[Start of Attachment]

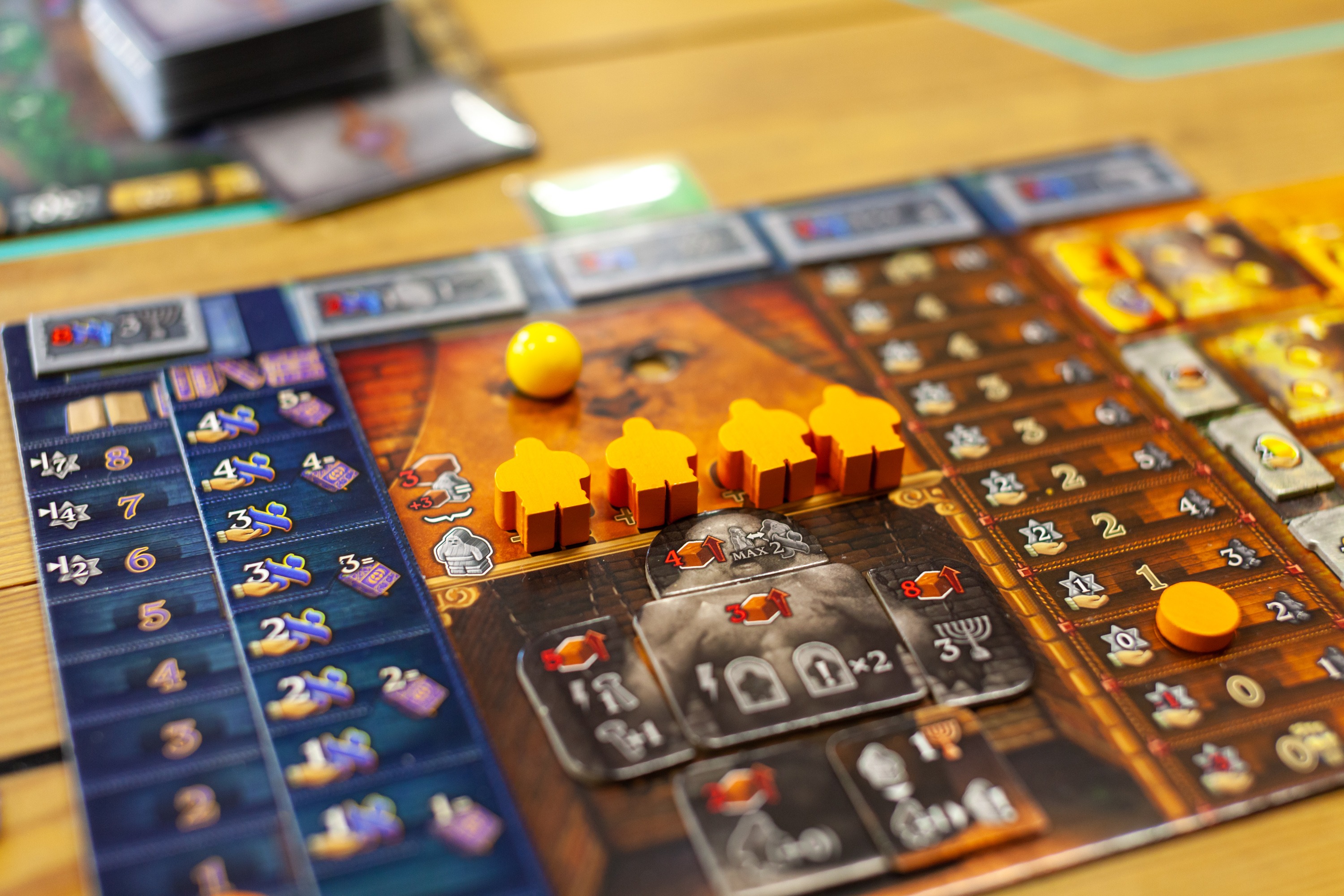 Еще один показатель сложности игры - почти все параметры в финальном подсчете здесь нужно умножать. Тут применяется аналог той самой системы очков из Орлеана, где вы собираете каких-то бродяг по карте, добавляете постройки и умножаете на показатель по другой шкале. Так вот в Големе этих умножения целых три, которые одинаково ценны и прокачка каждого принесет хороший профит, потому что в Орлеане с этим проблемки есть. Я десятки раз пытался выиграть через морячков и так и не затащил. В големе каждый вектор выглядит и приносит нормально.
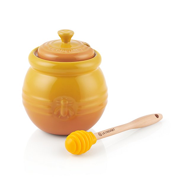 Le Creuset has been a trusted favorite for generations. Unrivaled Colors. Classic colors and trend-leading hues bring beautiful color to your kitchen. DISCOVER Your Color. With an unrivaled selection of bold, rich colors in a range of finishes and materials, Le Creuset is the leader in highly-durable, chip-resistant enameled cast iron. Discover ... Sweeten daily rituals from breakfast to teatime with this stoneware honey pot. Decorated with a honeybee and Le Creuset's signature bands, the enamel-glazed pot comes with a honey dipper. 16-oz. cap. High-fired stoneware is exceptionally strong. Durable porcelain enamel-glaze finish is easy to clean and resists chips, scratches and stains. Le Creuset Honey Pot with Silicone Dipper. Set includes: 1 pot, 1 dipper, 1 lid Dijon Color Description The Le Creuset Honey Pot Gift Set is the perfect addition to a morning or afternoon cup of tea. Add a little sweetness to your morning cup of tea with Le Creuset's honey pot and silicone dipper, paired with delicious honey from the Savannah Bee Company.
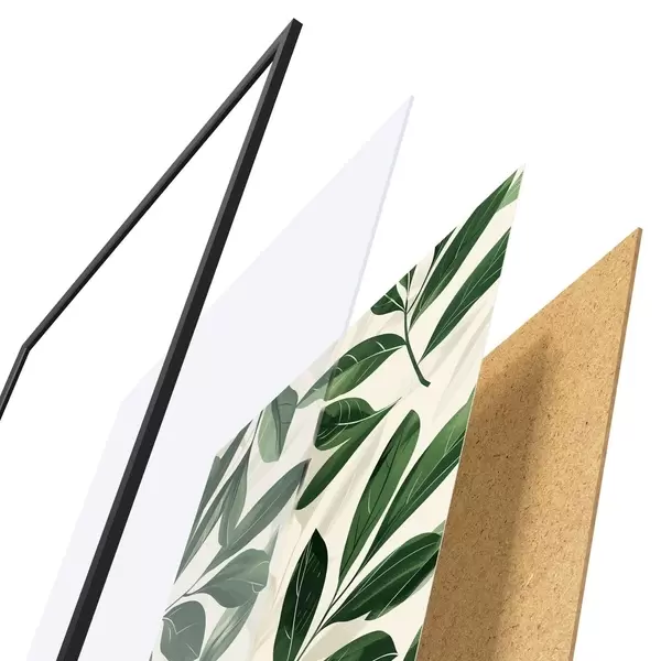 Plakát se skládá z rámu, plexiskla, tištěného obrazu a dřevotřískového podkladu. Díky úchytům na zadní straně lze plakát ihned zavěsit na zeď.
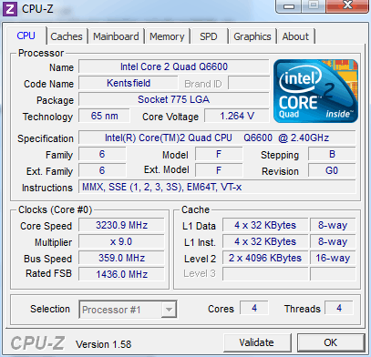 Результат разгона Intel Core 2 Quad (Kentsfield)
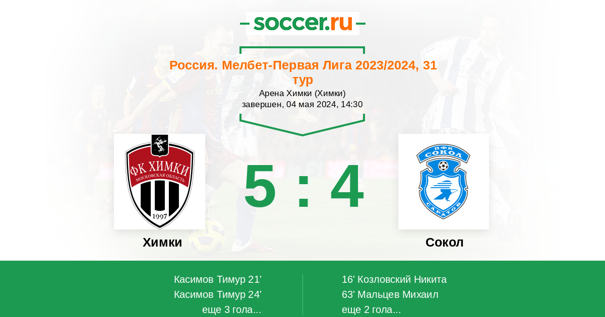 Протокол матча Химки против Сокол
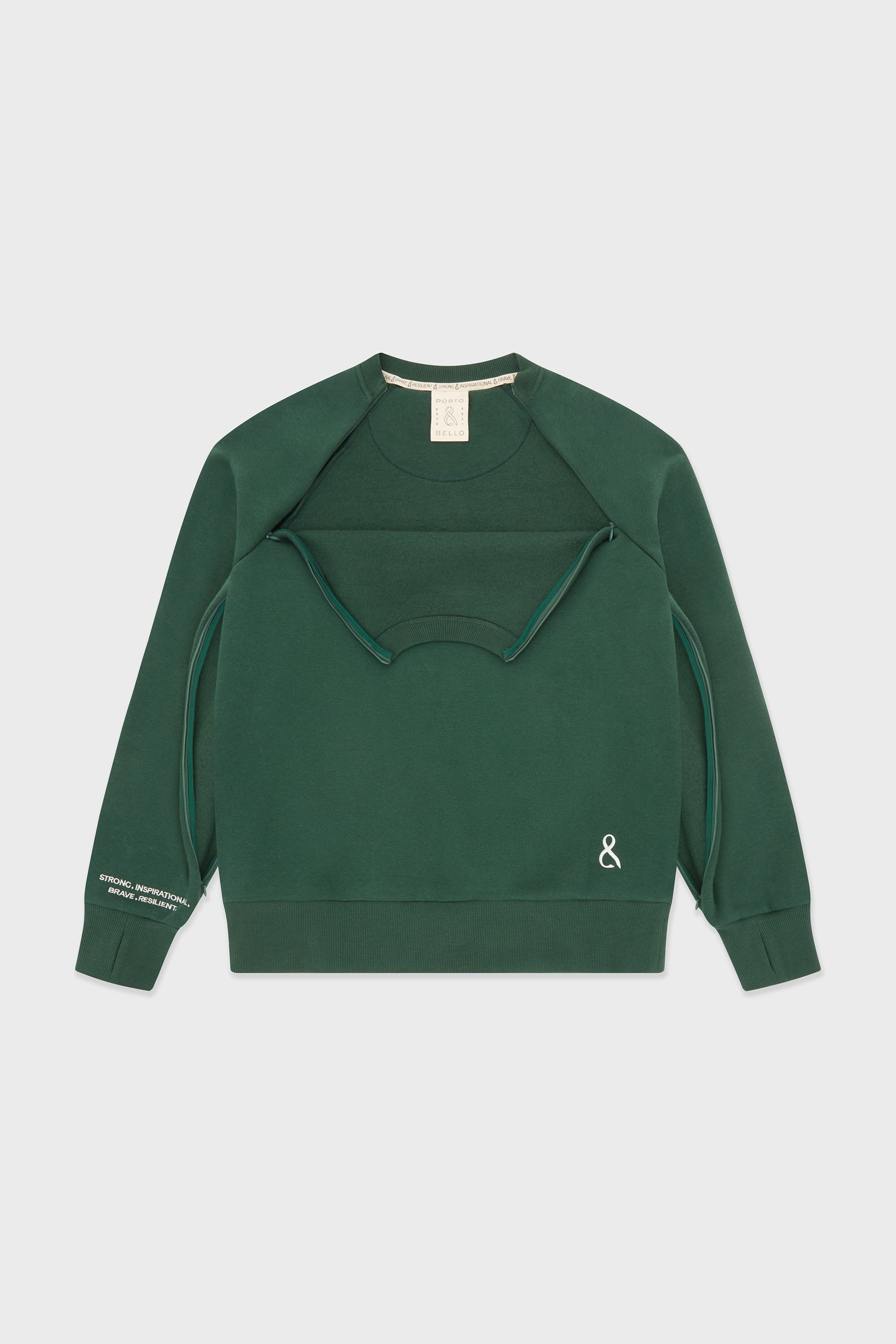 Enhance your wardrobe for treatment days with our P&B accessible "The Crew" sweater. Crafted for comfort and convenience, it features diagonal chest zips for port and line access, along with two-way zips on both arms for IVs, PICC lines, and more.

[End of Attachment]

Task goal –
Everything in the records above should be printed exactly, apart from the pictures.

Response for this exercise –
 Еще один показатель сложности игры - почти все параметры в финальном подсчете здесь нужно умножать. Тут применяется аналог той самой системы очков из Орлеана, где вы собираете каких-то бродяг по карте, добавляете постройки и умножаете на показатель по другой шкале. Так вот в Големе этих умножения целых три, которые одинаково ценны и прокачка каждого принесет хороший профит, потому что в Орлеане с этим проблемки есть. Я десятки раз пытался выиграть через морячков и так и не затащил. В големе каждый вектор выглядит и приносит нормально.
 Le Creuset has been a trusted favorite for generations. Unrivaled Colors. Classic colors and trend-leading hues bring beautiful color to your kitchen. DISCOVER Your Color. With an unrivaled selection of bold, rich colors in a range of finishes and materials, Le Creuset is the leader in highly-durable, chip-resistant enameled cast iron. Discover ... Sweeten daily rituals from breakfast to teatime with this stoneware honey pot. Decorated with a honeybee and Le Creuset's signature bands, the enamel-glazed pot comes with a honey dipper. 16-oz. cap. High-fired stoneware is exceptionally strong. Durable porcelain enamel-glaze finish is easy to clean and resists chips, scratches and stains. Le Creuset Honey Pot with Silicone Dipper. Set includes: 1 pot, 1 dipper, 1 lid Dijon Color Description The Le Creuset Honey Pot Gift Set is the perfect addition to a morning or afternoon cup of tea. Add a little sweetness to your morning cup of tea with Le Creuset's honey pot and silicone dipper, paired with delicious honey from the Savannah Bee Company.
 Plakát se skládá z rámu, plexiskla, tištěného obrazu a dřevotřískového podkladu. Díky úchytům na zadní straně lze plakát ihned zavěsit na zeď.
 Результат разгона Intel Core 2 Quad (Kentsfield)
 Протокол матча Химки против Сокол
 Enhance your wardrobe for treatment days with our P&B accessible "The Crew" sweater. Crafted for comfort and convenience, it features diagonal chest zips for port and line access, along with two-way zips on both arms for IVs, PICC lines, and more.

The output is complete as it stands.